Before I started thinking I might be autistic, I had several incidents that I thought were panic attacks. When I talked to my doctor and psychiatrist about these, they were a bit mystified, since panic attacks don’t often have triggers as specific as mine. (They definitely can, it just tends to be somewhat rare.) These attacks almost always happened at the grocery store or one of my son’s sporting events, in addition to a few other situations. When I started reading up on autism and symptoms, I learned about meltdowns caused by sensory overload, and I realized that this is what I was actually experiencing.
What is sensory overload/overwhelm?
Because many neurodivergent folks have heightened sensitivities to external stimuli, it is not uncommon for them to experience sensory overload, but what exactly is that? Sensory overload happens when our nervous systems are overwhelmed by sensory or cognitive stimuli. Some examples of things that can cause sensory overload are:
- Loud noises
- Crowded spaces
- Strong scents
- Too much information and/or presented in too many different ways at once
- High-intensity emotional situations
When someone is experiencing sensory overload, it can cause irritability, anxiousness, physical discomfort, and inability to concentrate, among other symptoms. For example, when I am startled by a loud noise, I often become immediately enraged. It can be difficult to find ways to dispel that rage, so I have learned to leave the space if there are other people in it just so I don’t take it out on them. (Just ask my husband about this – he’s been the victim of more than one incident of noise-induced anger.)
But when the sensory overwhelm is just too much, it can also cause a meltdown or shutdown.
Autistic meltdowns
Though these are often labeled as autistic meltdowns, people with other neurodivergent conditions can also experience them. Meltdowns can happen when our nervous system is overwhelmed by stimuli, causing our brain to think we’re in danger. People experience meltdowns in different ways, and there are many different possible behaviors someone having one might exhibit, including but not limited to:
- Crying or screaming
- Rapid stimming, walking, pacing
- Clenching their jaw or grinding their teeth
- Having trouble breathing
- Shutting down or withdrawing
- Hitting, kicking, throwing objects
- Running away
When I have a meltdown, it looks very similar to a panic attack: difficulty breathing, feeling very hot, and uncontrollable crying. I often also need to get up and pace or flap my hands some to try and work through it.

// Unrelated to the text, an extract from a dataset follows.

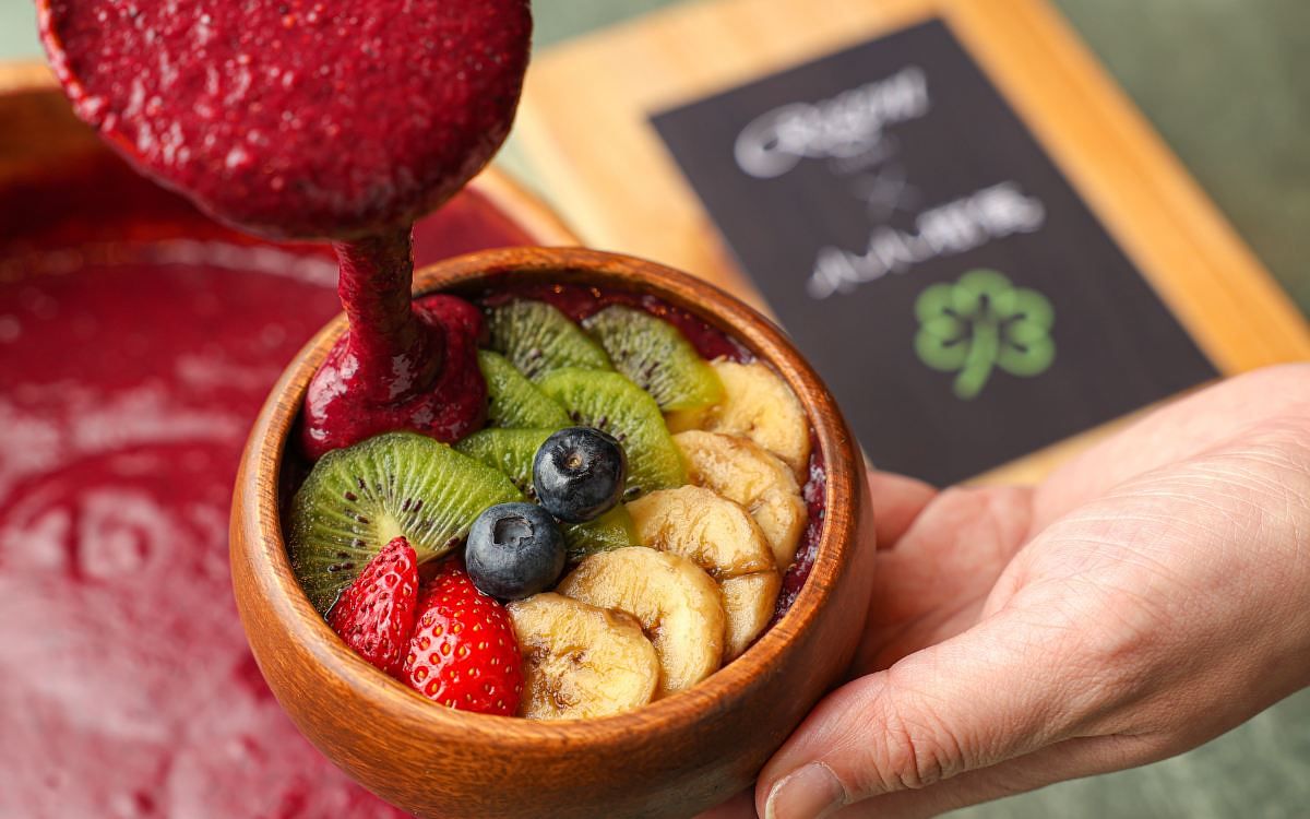 圖片來源:台北晶華酒店「米其林綠星蔬活早餐」餐檯上新增了多款包括芝麻葉、羽衣甘藍、寶貝生菜、紅橡木萵苣及綠奶油萵苣等小農契作的蔬果沙拉,兩款由主廚調配好的料理包括巴西野莓碗(Açaí Bowl)以及夏威夷美顏佛陀碗 (Glow Bowl),前者是使用「全球最棒的超級食物」- 巴西莓入饌,依序加入富含花青素及抗氧化成分「多酚」的冷凍藍莓及覆盆莓,最後倒入杏仁植物奶調和而成,食材自然的甜香與顆粒口感,質樸中展現奢華的用心。

How do I recover from a meltdown or help someone else recover?
The most effective way to recover from an autistic meltdown is to remove – as much as possible – the stimuli that are causing the meltdown. If you are helping someone recover, it is important that you stay calm and do not judge them for their behaviors. Make sure to give them space, don’t touch them without them asking for it, and keep your voice low. For those experiencing a meltdown, finding a cool, dark space – or even a space that has less stimuli than the space you are in – can help you have the space you need for your nervous system to recover.
Other things that can help someone experience a meltdown can include:
- Wearing noise cancelling headphones
- Using fidgets or other sensory-friendly items to stim
- Drinking a glass of water
- Using a weighted blanket
- Turning the lights off
- Putting a cool compress on their forehead
A fireworks meltdown
One of the reasons I chose to write about this topic this week was my own recent meltdown experience. On the Fourth of July, our neighborhood goes a little haywire with the fireworks. This year was particularly bad, with a steady stream of fireworks being set of for roughly three to four hours. There was literally a haze of smoke outside our house, and we could smell the gunpowder inside. For someone like me – who has a pretty strong reaction to noise – you can imagine how difficult three hours of loud pops and bangs was. Even with my noise cancelling headphones on, I could still hear them snapping and popping. So it should not have been a huge surprise that this sent me into a meltdown. It felt especially terrible this time because I was in my house, which is usually a safe space for me.
While I don’t expect the world to bend to me or my needs, I do wish generally people were just more sensitive about things like this. This can also include having the volume on their devices turned up while they talk or watch videos in public, wearing strong perfumes, crowding people, etc. To me, living in a neurodiverse-friendly world would have less of these sensory stimuli that can often be triggering to people with neurodivergent conditions.